***** The data *****

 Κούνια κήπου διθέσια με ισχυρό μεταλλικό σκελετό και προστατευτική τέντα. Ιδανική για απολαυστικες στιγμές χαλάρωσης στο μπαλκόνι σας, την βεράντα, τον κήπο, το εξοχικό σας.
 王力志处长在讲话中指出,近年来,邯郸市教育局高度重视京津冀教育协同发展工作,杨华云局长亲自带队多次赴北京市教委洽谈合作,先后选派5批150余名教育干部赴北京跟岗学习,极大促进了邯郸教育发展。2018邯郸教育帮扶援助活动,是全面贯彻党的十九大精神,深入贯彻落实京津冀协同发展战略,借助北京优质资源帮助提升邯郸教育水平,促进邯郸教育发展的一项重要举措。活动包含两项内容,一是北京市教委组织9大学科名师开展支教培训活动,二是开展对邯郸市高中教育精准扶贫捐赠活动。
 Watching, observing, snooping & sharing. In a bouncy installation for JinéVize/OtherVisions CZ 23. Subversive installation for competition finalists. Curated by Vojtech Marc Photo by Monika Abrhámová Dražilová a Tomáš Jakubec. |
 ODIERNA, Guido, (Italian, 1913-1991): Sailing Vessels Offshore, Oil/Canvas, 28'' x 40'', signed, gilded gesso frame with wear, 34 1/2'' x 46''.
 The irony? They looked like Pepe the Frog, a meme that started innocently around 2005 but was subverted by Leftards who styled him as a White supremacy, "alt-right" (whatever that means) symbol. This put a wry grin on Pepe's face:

*****
***** The data *****

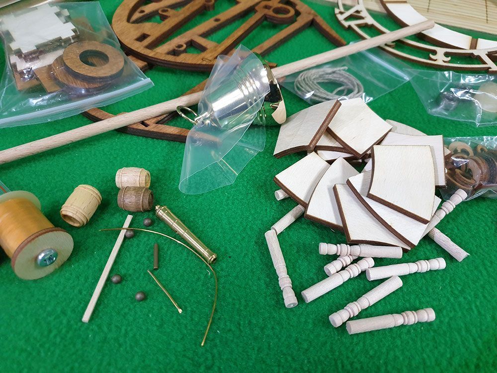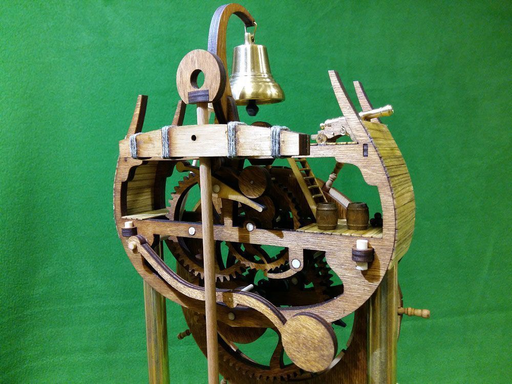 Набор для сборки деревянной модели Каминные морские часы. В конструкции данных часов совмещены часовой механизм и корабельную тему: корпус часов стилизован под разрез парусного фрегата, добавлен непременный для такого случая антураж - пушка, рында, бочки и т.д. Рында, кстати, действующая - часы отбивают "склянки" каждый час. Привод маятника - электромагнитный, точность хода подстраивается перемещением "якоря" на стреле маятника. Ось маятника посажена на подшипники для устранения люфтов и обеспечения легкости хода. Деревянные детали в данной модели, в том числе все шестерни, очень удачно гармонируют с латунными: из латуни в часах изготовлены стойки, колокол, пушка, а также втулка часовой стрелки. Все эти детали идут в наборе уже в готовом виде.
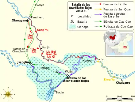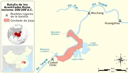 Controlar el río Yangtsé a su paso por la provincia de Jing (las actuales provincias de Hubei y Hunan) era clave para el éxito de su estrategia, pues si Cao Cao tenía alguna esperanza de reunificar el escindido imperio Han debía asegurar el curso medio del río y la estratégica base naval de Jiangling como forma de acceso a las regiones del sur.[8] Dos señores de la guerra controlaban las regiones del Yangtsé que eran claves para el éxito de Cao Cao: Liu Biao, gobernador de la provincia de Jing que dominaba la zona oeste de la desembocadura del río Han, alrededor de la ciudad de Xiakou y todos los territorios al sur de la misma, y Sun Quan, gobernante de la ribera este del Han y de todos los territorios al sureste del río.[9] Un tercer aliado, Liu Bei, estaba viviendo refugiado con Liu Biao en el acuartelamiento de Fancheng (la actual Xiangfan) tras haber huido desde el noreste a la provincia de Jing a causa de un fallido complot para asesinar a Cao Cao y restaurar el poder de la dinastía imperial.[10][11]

*****

Within the material above, copy exactly the lines from the line that holds "王力志处长在讲话中指出,近年" up to and including the line that holds "The irony? They".

Task answer ▸
 王力志处长在讲话中指出,近年来,邯郸市教育局高度重视京津冀教育协同发展工作,杨华云局长亲自带队多次赴北京市教委洽谈合作,先后选派5批150余名教育干部赴北京跟岗学习,极大促进了邯郸教育发展。2018邯郸教育帮扶援助活动,是全面贯彻党的十九大精神,深入贯彻落实京津冀协同发展战略,借助北京优质资源帮助提升邯郸教育水平,促进邯郸教育发展的一项重要举措。活动包含两项内容,一是北京市教委组织9大学科名师开展支教培训活动,二是开展对邯郸市高中教育精准扶贫捐赠活动。
 Watching, observing, snooping & sharing. In a bouncy installation for JinéVize/OtherVisions CZ 23. Subversive installation for competition finalists. Curated by Vojtech Marc Photo by Monika Abrhámová Dražilová a Tomáš Jakubec. |
 ODIERNA, Guido, (Italian, 1913-1991): Sailing Vessels Offshore, Oil/Canvas, 28'' x 40'', signed, gilded gesso frame with wear, 34 1/2'' x 46''.
 The irony? They looked like Pepe the Frog, a meme that started innocently around 2005 but was subverted by Leftards who styled him as a White supremacy, "alt-right" (whatever that means) symbol. This put a wry grin on Pepe's face:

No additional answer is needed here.